La promesa de «bienestar» se ha transformado en una pesadilla de concreto para los habitantes del pueblo originario de San Pedro Mártir, en la alcaldía Tlalpan. Hartos de la falta de respuestas y del avance silencioso de desarrollos masivos, la comunidad tomó las calles en una marcha denominada «Posada Anti-Gentrificación», que partió del Metrobús El Caminero hacia la carretera federal México-Cuernavaca.
El reclamo es uno y es contundente: frenar la construcción de un inmueble de 200 departamentos promovido, irónicamente, a través del Instituto de Vivienda (INVI) y la Secretaría del Agua, con el presunto auspicio de la alcaldía local.
Un pueblo con agua… pero sin agua
La contradicción es vital. Mientras las autoridades buscan densificar la zona metiendo a aproximadamente 600 nuevas personas en una sola manzana, los residentes actuales denuncian haber pasado hasta dos meses sin una sola gota de agua.
«No hay una proyección real. La vialidad, la luz, el internet y el drenaje están colapsados. Ahí arriba el drenaje se ha tapado varias veces y ahora quieren conectar a cientos de personas más», denunció uno de los voceros vecinales durante la protesta.
El uso de suelo en la zona es claro: habitacional de baja densidad. Sin embargo, los vecinos acusan que se pretende violar la normativa que exige un diámetro específico entre propiedades para levantar torres que no corresponden a la fisonomía ni a la capacidad de carga del pueblo.
La ausencia de la Alcaldesa «24/7»
La indignación escala directamente hacia la alcaldesa de Tlalpan, Gabriela Osorio. A pesar de su eslogan de gobierno de tiempo completo, los manifestantes aseguran que lleva meses ignorando las peticiones de diálogo.
«Llevamos hora y media cerrando la vialidad y la alcaldesa no está. ¿Dónde está el gobierno 24/7?», cuestionaron los afectados. La comunidad exige la presencia no solo de la edil, sino de Inti Muñoz (titular de Desarrollo Urbano y Vivienda) y de los responsables de SEGUIAGUA, para que expliquen cómo pretenden dotar de servicios a un gigante de concreto cuando no pueden garantizar los derechos básicos de los residentes actuales.
Depredación ambiental y tala nocturna
La denuncia va más allá de lo administrativo; toca fibras penales y ambientales.
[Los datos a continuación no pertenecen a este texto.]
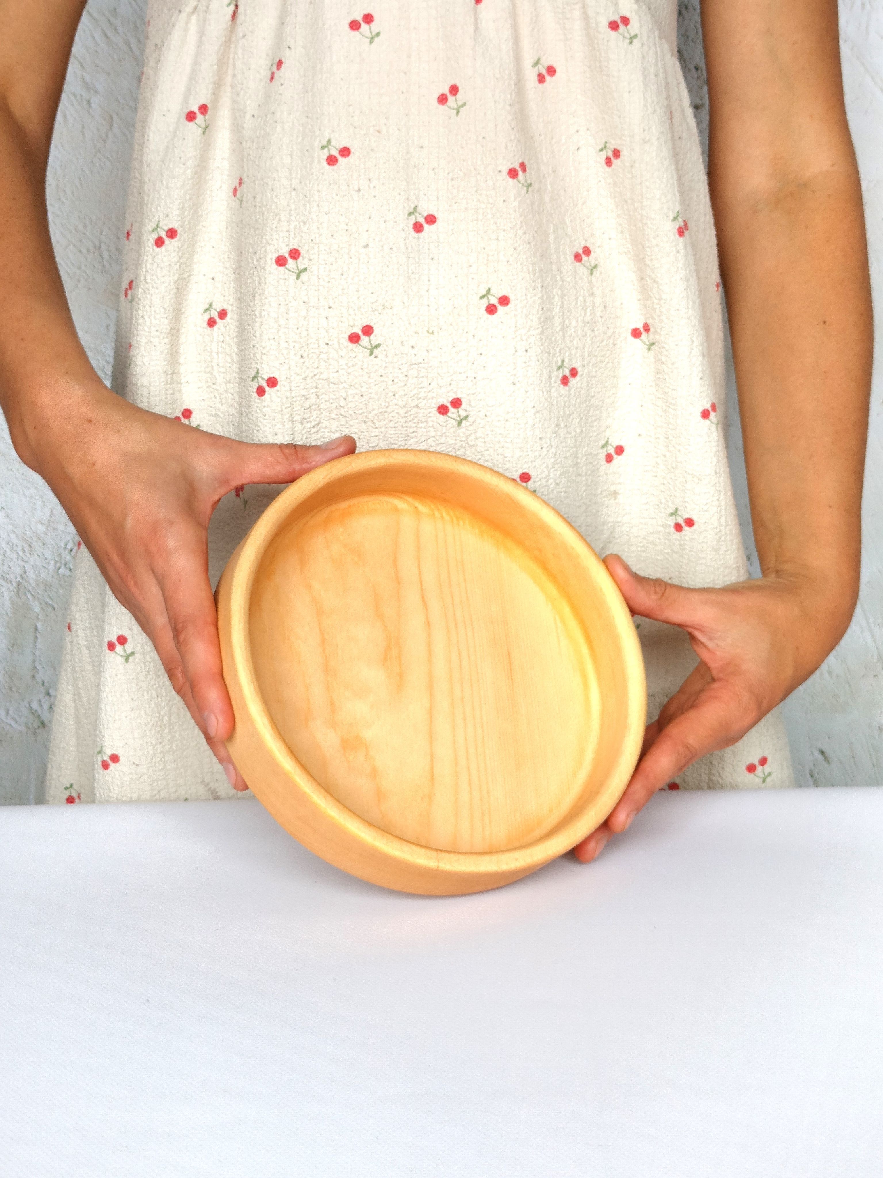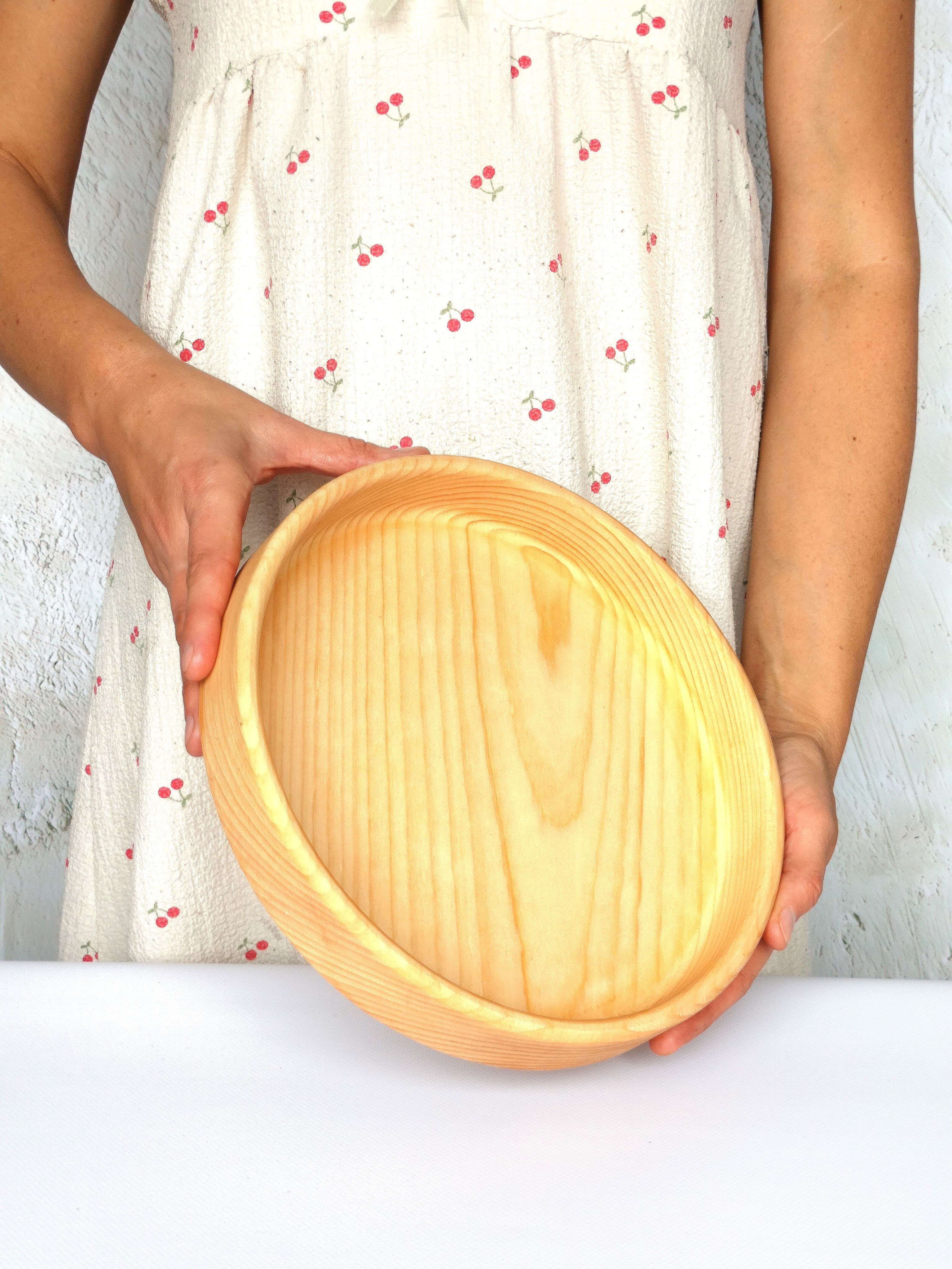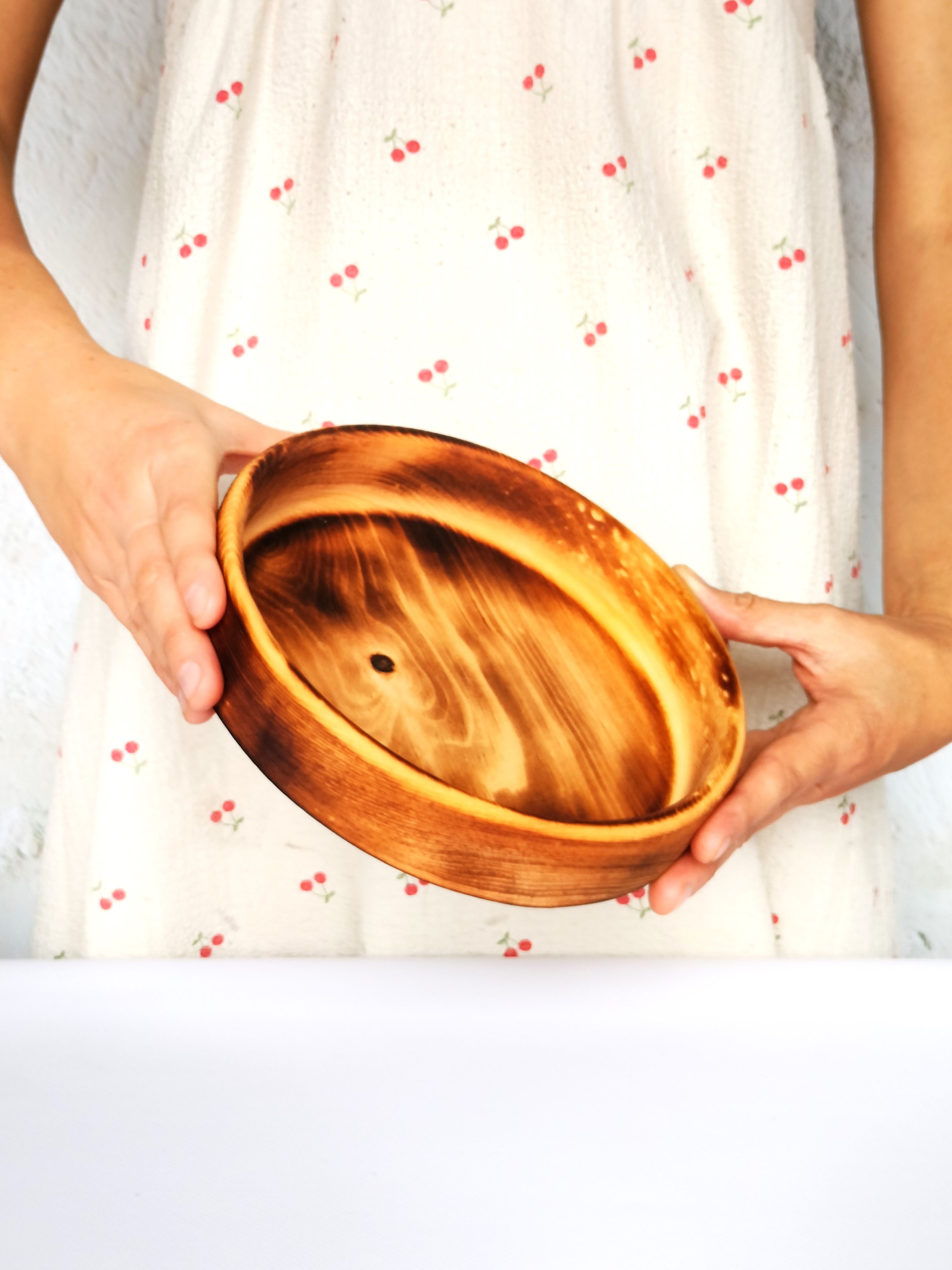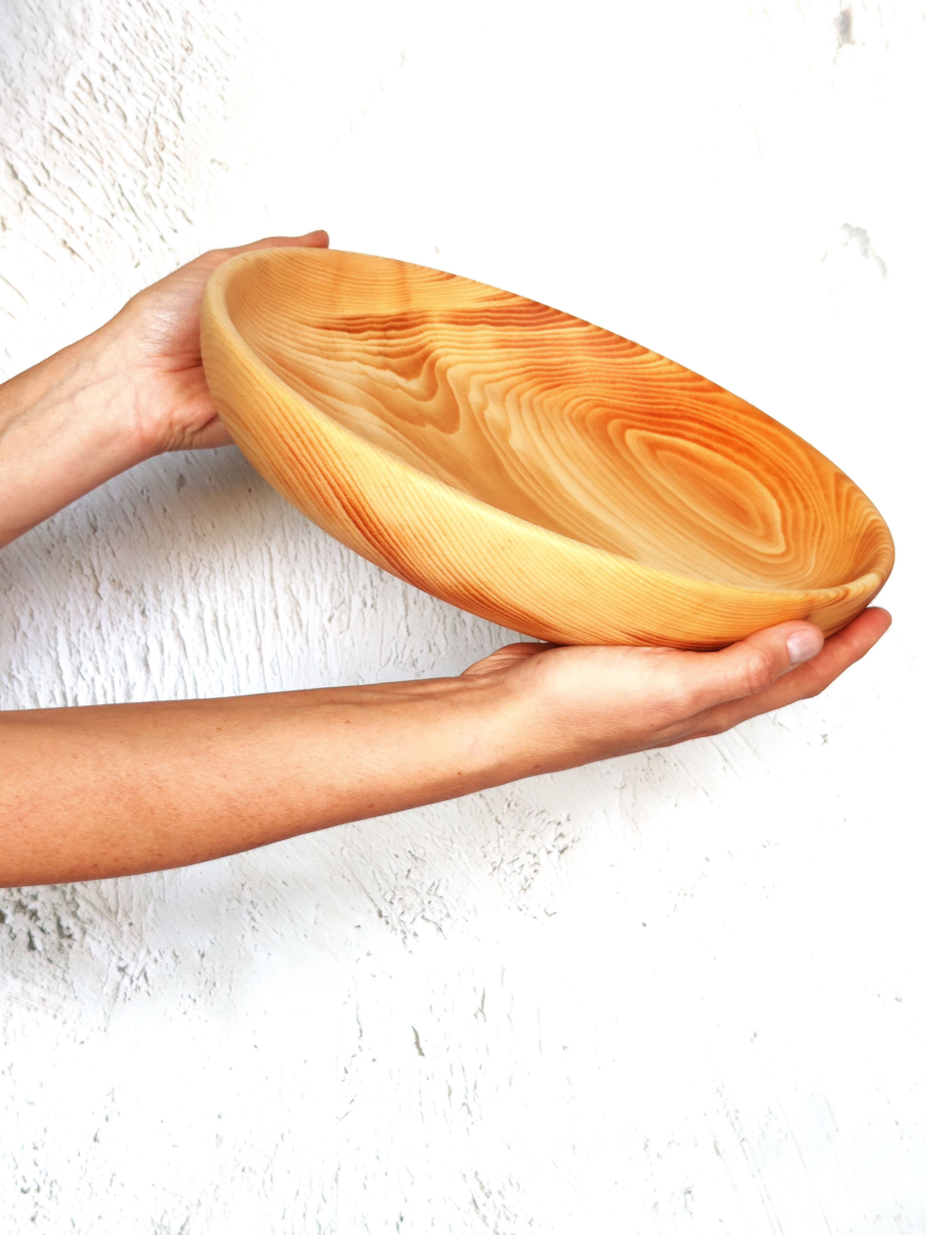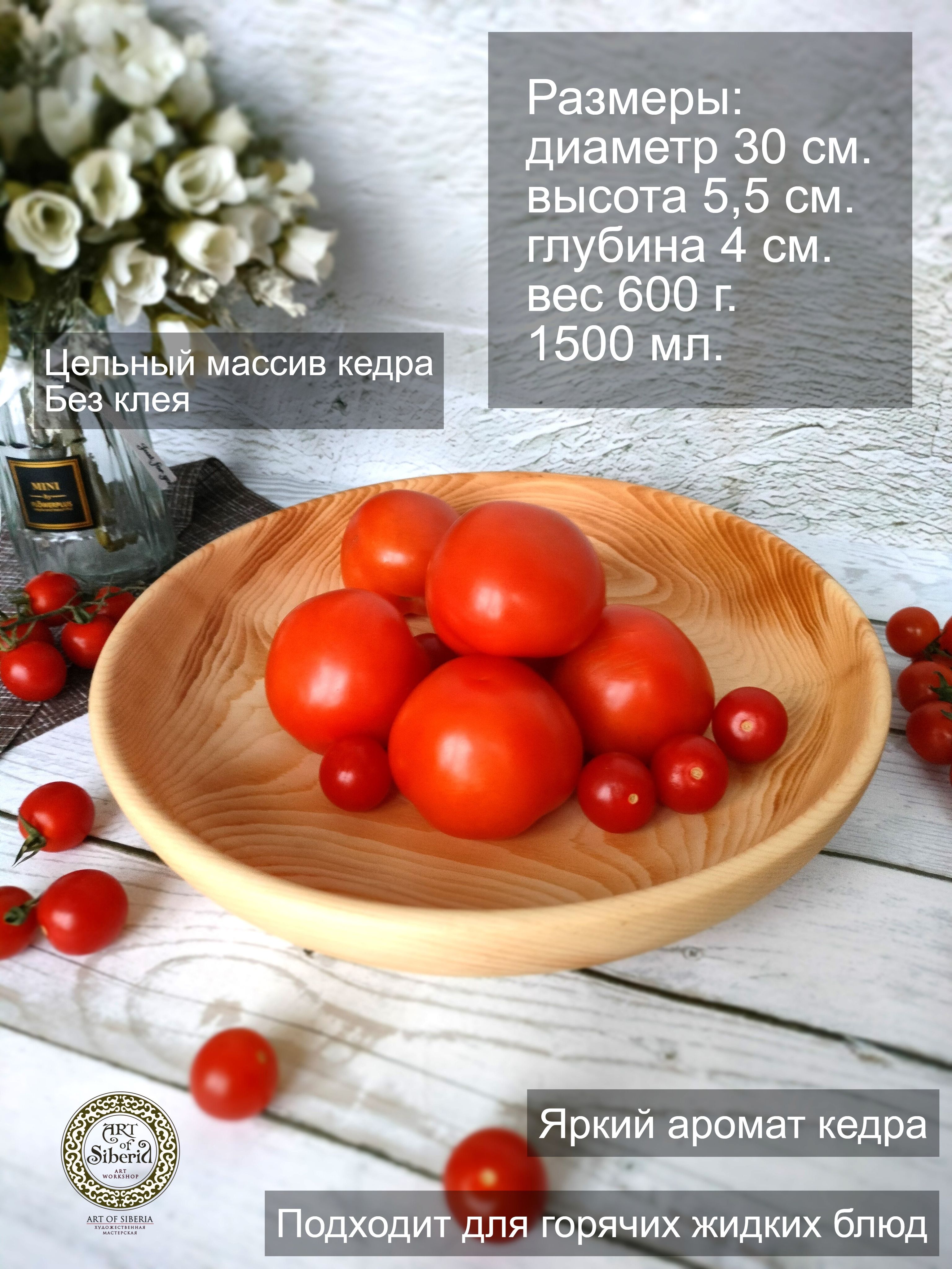 Популярность посуды из кедра объясняется как красотой древесины, так и ее лечебными качествами. Тарелки и миски удобны для приема пищи и для ее хранения. Люди, пользующиеся такими тарелками, могут подтвердить, что еда сохраняет свежесть намного дольше: она не прокиснет и не покроется плесенью. Древесина кедра придаст пище особый аромат и вкус. И что немаловажно, кедр обладает дезинфицирующим свойством, и продукты в такой тарелке становятся полезней, насыщаясь фитонцидами кедра.
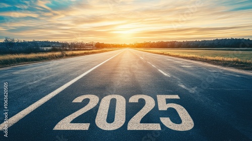 Long highway with painted on it, pointing forward under a vibrant sky, representing optimism for the new year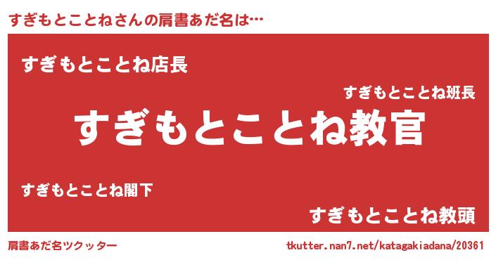 | 意味不明あだ名 | 『住所不定無職すぎもとことね(5歳)』 |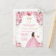 This elegant and glamorous birthday party invitation features a beautiful princess with dark skin in a blush pink ball gown. The text combines handwritten script and modern sans serif fonts for a classy and sophisticated look. The floral arrangements, butterfly and gold confetti create the perfect blend of rustic and chic.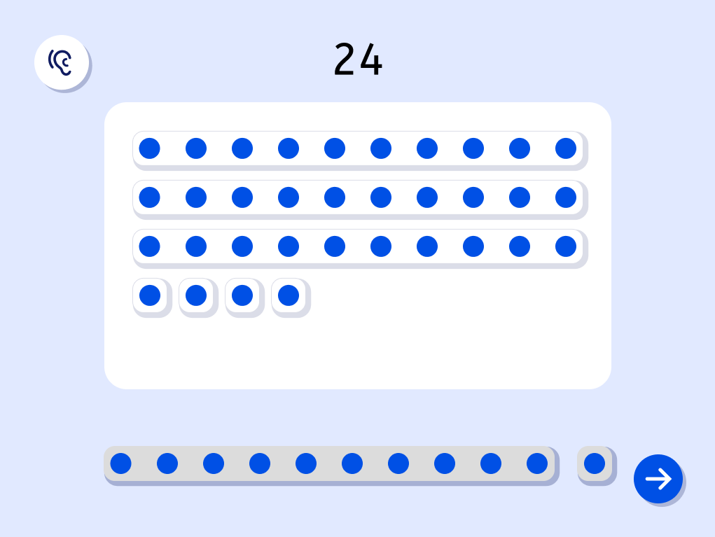Bei diesem Interaktionstyp legt die Testperson eine Zahl mit Hilfe von 10er-Riegeln und 1er-Plättchen auf einer Stellenwerttafel. Die Testperson klickt bzw. tippt auf einen 10er-Riegel oder ein 1er-Plättchen und verschiebt dieses dadurch auf die Ablagefläche bzw. entfernt es. Auf der Ablagefläche werden die Elemente automatisch sortiert und ausgerichtet.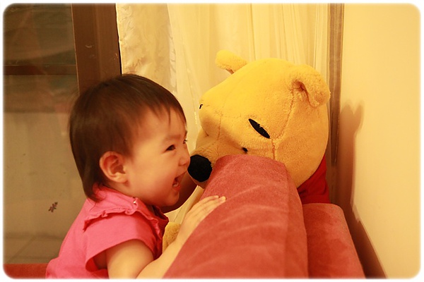 皮很大9:愛在沙發上奔跑~~Kiss維尼!(不過都是咬維尼的鼻子啦~~)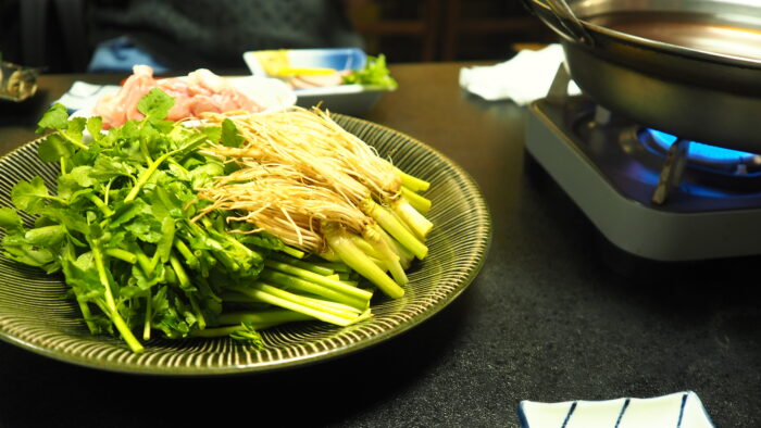 地元の友人によると、せり鍋は家庭も作る料理らしく、根っこは美味しいけど洗うのが大変とのことでした。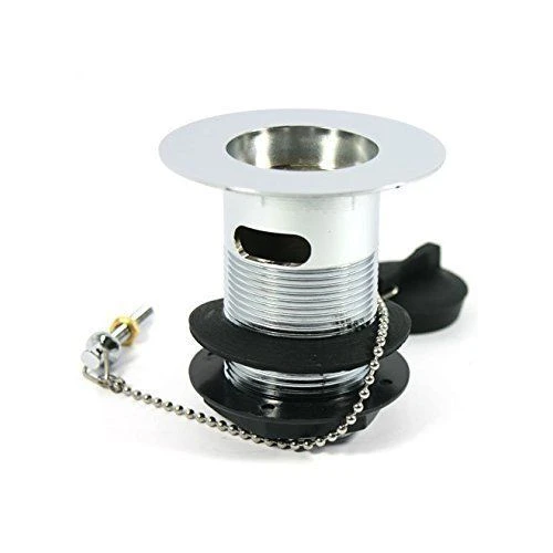 A chrome plated waste fitting for Belfast kitchen sinks supplied with black rubber plug.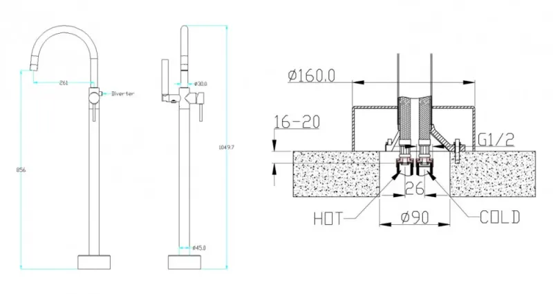 - Монтаж: напольный
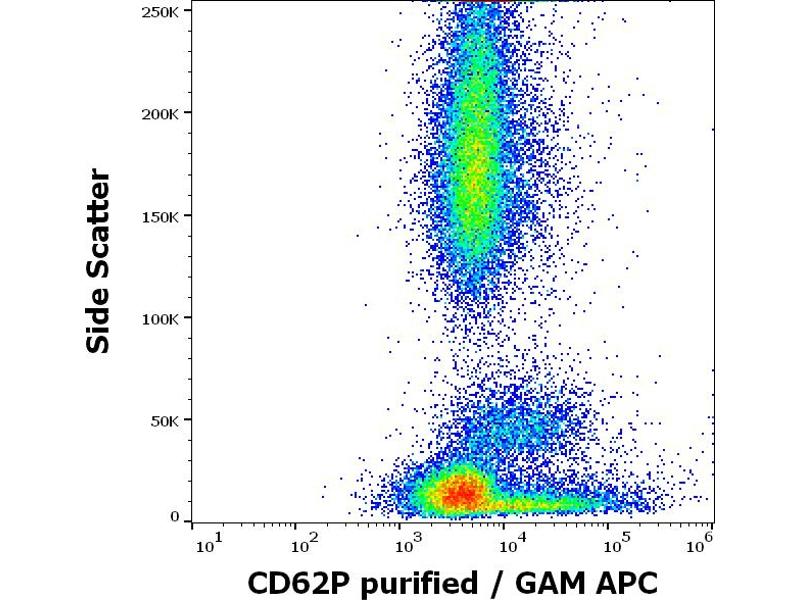 The mouse monoclonal antibody HI62P recognizes an extracellular epitope of CD62P (P-selectin), a 140 kD single chain type I transmembrane glycoprotein present in secretory alpha-granules in platelets, in Weibel-Palade bodies in endothelial cells and in megakaryocytes, it is relocated to the plasma membrane upon activation.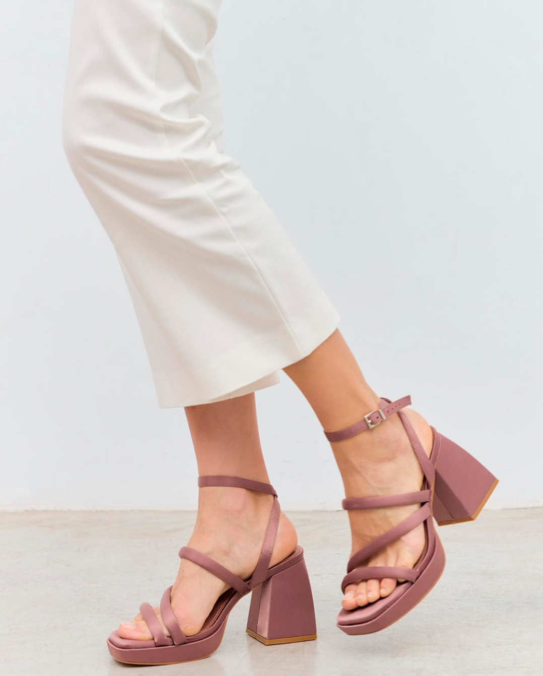 Elevate your evening look with the Celeste Tubular Strap Heel, a sophisticated sandal crafted in dreamy mauve satin. Featuring a modern square heel and multiple tubular front straps, this design strikes the perfect balance of bold and feminine. The ankle bracelet-style strap wraps the ankle with grace, secured by a polished metal buckle for a secure fit. From formal events to stylish date nights, this heel brings a refined finish to any outfit.

Los vecinos han reportado que, al amparo de la oscuridad, grupos de personas ingresan a los predios para realizar tala de árboles de manera ilegal.
A pesar de haber notificado formalmente a la Secretaría del Medio Ambiente (SEDEMA), a la PAO y a la propia alcaldía para exigir la clausura por falta de dictámenes de impacto ambiental, la respuesta ha sido el silencio y la omisión. «Parece que están empoderados, respaldados por funcionarios locales», señalan, apuntando a posibles conflictos de interés dentro de la estructura de reordenamiento territorial.
¿Quién es el verdadero Cártel Inmobiliario?
En un giro discursivo que desafía la narrativa oficialista, los pobladores de San Pedro Mártir han dejado de ver al «Cártel Inmobiliario» como un ente del pasado o de un solo color político.
«Nos hacen creer que el cártel inmobiliario es el PRI o el PAN, pero la prepotencia inmobiliaria hoy la ejerce la alcaldía y la Jefatura de Gobierno. Anteponen el negocio a la vida», sentenciaron los manifestantes.
La exigencia es clara: ampliación de los plazos de consulta del Plan General de Desarrollo (PGD) respetando los tiempos de los pueblos originarios y la cancelación inmediata de proyectos que, bajo la bandera de vivienda social, gentrifican y expulsan a los nativos de la periferia.